Spain, Madrid – Part 1

Our trip started as usual, in the airport terminal drinking beers and eating burgers at the Denver Chop House & Brewery. Getting through security and boarding the flight went smoothly. We first flew to Newark where we had a short layover. We had already heard about the nightmare of ordering food in the Newark Terminal C so we decided to skip it and just sat there waiting for our flight. In short, the nightmare is that you have to order on iPads at all restaurants, no one will talk to you, the iPad quite often won’t work, you’re charged an 18% gratuity before they’ve even brought out your meal, if you order a beer at the bar you’re charged instant gratuity and if you order another, well you’re charged again. I do not agree with this kind of service (or lack there of) and refuse to patronize this kind of establishment. Okay, now that said, I’ll get back to the trip. Our 2nd flight was straight into Madrid. It was a long flight but the free wine helped. Hubby and I agreed that we both only slept for about 45 min total. When we landed we took a shuttle bus to T4 where we were able to catch the C1 Renfe train towards Principe Pio.
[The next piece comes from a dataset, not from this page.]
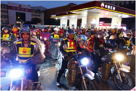 2017年1月,鐵騎大軍在中國石油加油站集結(jié)出發(fā)(資料圖)

We got off at Atocha station and walked just a short distance to our hotel, the AC Carlton.

It was still morning, around 10am, and no rooms were ready. We stashed our bags with the concierge and headed out to find some food and scope out the surroundings. We walked up the El Rastro market, which is like a cross between a garage sale, sidewalk sale, and arts & crafts booths. It was packed.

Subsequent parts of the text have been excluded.